Detailed Description
The purpose of this study is to explore MAD as an alternative treatment option for OSA in pregnant women. We are recruiting a small number of 10 healthy pregnant women with uncomplicated OSA (absence of significant cardiovascular, metabolic or neurocognitive consequences) who, after being offered CPAP as the recommended standard treatment, prefer to use a MAD over CPAP. All patients are recruited from a single center. We would like to get a first impression on the comfort level of these women with the MAD and their self-reported compliance and any improvement of symptoms with treatment. Additionally, we would like to test efficacy in controlling OSA with pregnancy progression. Finally, we would like to derive overall treatment effectiveness of the MAD in pregnant women as defined as a combination of efficacy and compliance.
Investigators
Eligibility Criteria
Inclusion Criteria
- •Singleton pregnancy, gestational week 14-
- •Age ≥ 18, English-speaking.
- •Reliable internet access (questionnaires/surveys)
- •Untreated mild to mild-moderate OSA defined as AHI between 5-20 events/hour on the most recent home sleep study
- •No significant hypoxemia on the initial sleep study defined as SaO2 nadir ≥70% and SaO2 equal or less than 30 minutes ≥88%
- •The sleep study must have been a home sleep test that uses Peripheral Arterial Tone signal for evaluation of apneic events. The home sleep test has to be a WatchPAT device (WatchPAT® Home Sleep Study Device \| Itamar Medical Ltd.).
- •No significant confounding comorbidities including restless leg symptoms and circadian disorders (shift work)
- •BMI less or equal to 40 and neck size less or equal to 40 cm
- •Good oral health with manual dexterity and at least 8 tooth per arch
Exclusion Criteria
- •High risk pregnancy (age \>40y, superimposed preeclampsia, pre-existing cardiac disease, severe organ dysfunction such as liver or renal failure, any condition that requires anticoagulation), and any condition Dr. Pitts or Dr Smith deem serious risk to mother/fetus. Well controlled chronic hypertension and diabetes are allowed and will not be excluded.

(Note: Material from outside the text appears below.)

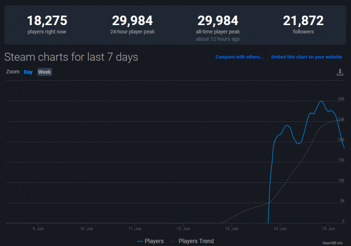 尽管游戏已经走过了近8个年头,但时间依旧没有冲淡玩家们的热情。据SteAMDB的数据显示,P4G上线首日,Steam上的热门榜、畅销榜、趋势榜三榜头名均被P4G占领,同时游戏的在线人数峰值也达到了29984,打破了Steam上JRPG同时在线玩家记录,游戏整体好评率高达93%。

- •Dental exclusion criteria: Complete edentulous arch, ongoing oral rehabilitation, uncontrolled periodontal disease, ongoing orthodontic treatment or completed treatment in a period less than 5 years, temporomandibular dysfunction (active acute pain or limitations on mandibula movements of any kind), prior oropharyngeal surgery, maximum protrusion less 5 mm
- •Significant acute health problems that are unrelated to pregnancy or dental diseases including unstable psychiatric disease
- •Non-English speaking
- •Unable to provide informed consent
Outcomes
Primary Outcomes
Describe patient uptake of MAD
Time Frame: 9 months
MAD adherence will be determined via patient-reported sleep diaries during the first 10-weeks of MAD intervention according to the AADSM guidelines. Specifically, patients will report each morning whether they wore their MAD and to estimate how long they wore it for. Consistent with Medicare guidelines for PAP therapy, we will operationalize compliance as wearing the device for ≥4 hrs each night for 70% of nights. We will describe compliance rates.

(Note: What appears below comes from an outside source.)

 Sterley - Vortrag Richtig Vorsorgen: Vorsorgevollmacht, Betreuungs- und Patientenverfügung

Evaluate preliminary efficacy of MAD for treating mild-to-moderate OSA
Time Frame: 9 months
We will assess AHI before treatment (T1), after 10 weeks of MAD treatment during pregnancy (T2), and then finally three months after childbirth (T3) via home sleep tests used in our sleep clinic per standard care. We hypothesize that AHI at T2 and T3 will be significantly lower than T1. For descriptive purposes, we will report rates of OSA remission (AHI\<5) at T2 and T3 as well as rates of positive treatment response operationalized as a ≥50% reduction in AHI from T1.
Test for changes in patient-reported symptoms.
Time Frame: 9 months
OSA is associated with increased fatigue and sleepiness. We hypothesize that patients will report lower levels of fatigue and daytime sleepiness at T2 and T3 relative to T1 baseline.